The Federal Reserve (Fed) holds eight policy meetings a year, where the Federal Open Market Committee (FOMC) assesses economic conditions and makes monetary policy decisions. The FOMC is attended by twelve Fed officials – the seven members of the Board of Governors, the president of the Federal Reserve Bank of New York, and four of the remaining eleven regional Reserve Bank presidents, who serve one-year terms on a rotating basis.

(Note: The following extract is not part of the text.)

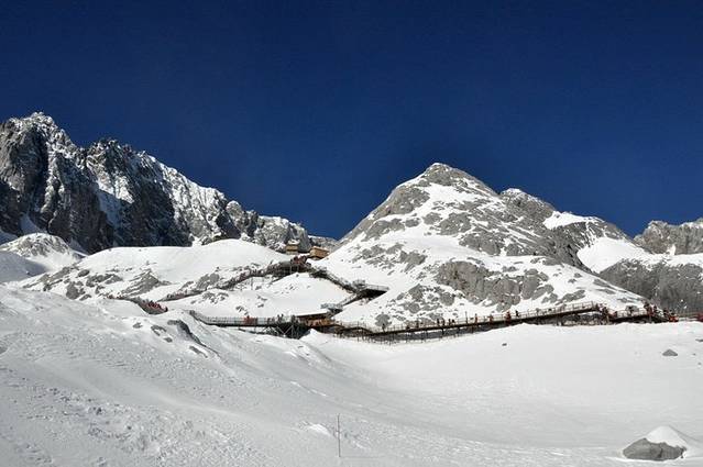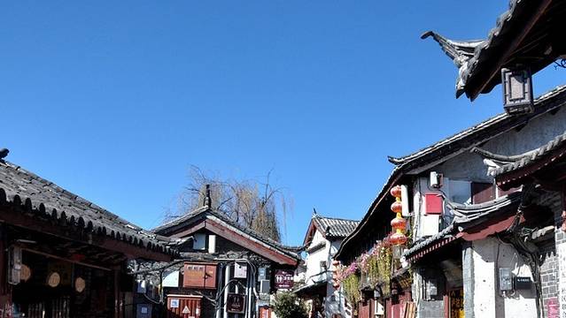 出来逛了没多大会儿,天气也渐渐暖和起来了,街上的人明显增多,古城开始热闹起来,我们逛到十二点多了还意犹未尽,吃了中午饭就开车准备去拉市海,在集合的地方看见了玉龙雪山的影子,在蓝天的映衬下格外壮美,这也让我们对明天的雪山之行多了一份期待

In extreme situations, the Federal Reserve may resort to a policy named Quantitative Easing (QE). QE is the process by which the Fed substantially increases the flow of credit in a stuck financial system. It is a non-standard policy measure used during crises or when inflation is extremely low. It was the Fed’s weapon of choice during the Great Financial Crisis in 2008. It involves the Fed printing more Dollars and using them to buy high grade bonds from financial institutions. QE usually weakens the US Dollar.
Quantitative tightening (QT) is the reverse process of QE, whereby the Federal Reserve stops buying bonds from financial institutions and does not reinvest the principal from the bonds it holds maturing, to purchase new bonds. It is usually positive for the value of the US Dollar.